Matrimonio rato y consumado

Se llama matrimonio sólo rato al matrimonio válido entre bautizados que no ha sido consumado; y rato y consumado, cuando los cónyuges han realizado de modo humano el acto conyugal apto de por sí para engendrar la prole, al que el matrimonio se ordena por su misma naturaleza y mediante el cual los cónyuges se hacen una sola carne, lo que refleja la unión de Cristo con la Iglesia en la encarnación.

Una vez celebrado el matrimonio, si los cónyuges han cohabitado se presume la consumación, mientras no se pruebe lo contrario.

Aunque el consentimiento es de por sí eficaz para la constitución del matrimonio, la consumación que sigue a la celebración válida completa la significación sacramental del matrimonio entre bautizados, y tiene implicaciones jurídicas.

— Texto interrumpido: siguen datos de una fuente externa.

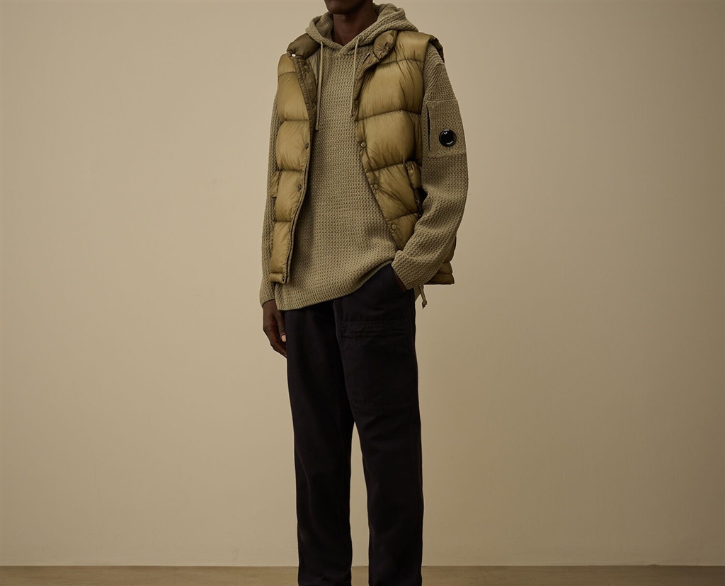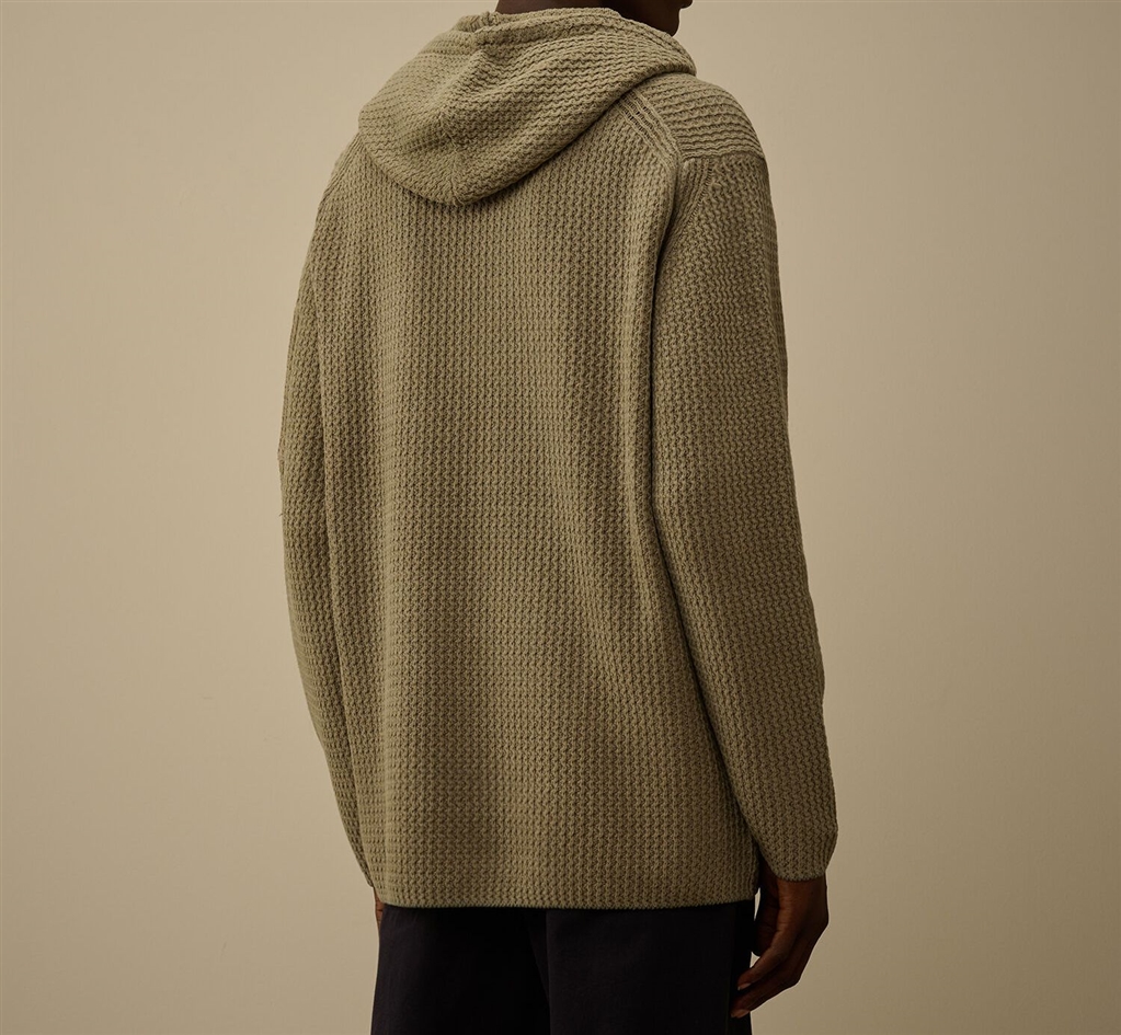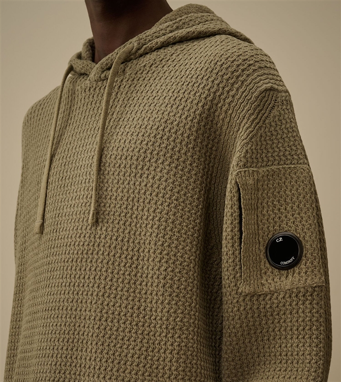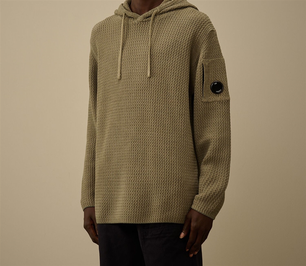 Hooding sweater made of cotton cynille. The model has adjustable hood and the iconic lens of c.p. Company. Dyed in the head. Fineness 5. Regular fit.
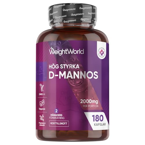 D-Mannose Kapslar - 2000 mg per portion - 180 Mannose Kapslar - Vegan & Magnesium Stearate Free - Alternativ till D Mannose Pulver - Kosttillskott från WeightWorld

El matrimonio rato y consumado no puede ser disuelto por ningún poder humano, ni por ninguna causa fuera de la muerte.

En cambio, excepcionalmente, por un acto de la potestad vicaria del Papa, cabe la disolución del matrimonio rato y no consumado entre bautizados, o entre una parte bautizada y otra no bautizada, a petición de ambas partes o de una de ellas aunque la otra se oponga. Para que pueda haber disolución, debe darse justa causa y efectiva no consumación; la disolución es una gracia que concede el Romano Pontífice mediante la llamada dispensa super rato, después de un procedimiento regulado por la ley, que ahora corresponde a la Rota Romana.

Fuentes: CIC cc. 1061 §1-2, 1141-1142, 1697-1706; PCITL, Respuesta sobre el can. 1681 (2-III-2005); Motu proprio “Quaerit Semper” (30-VIII-2011)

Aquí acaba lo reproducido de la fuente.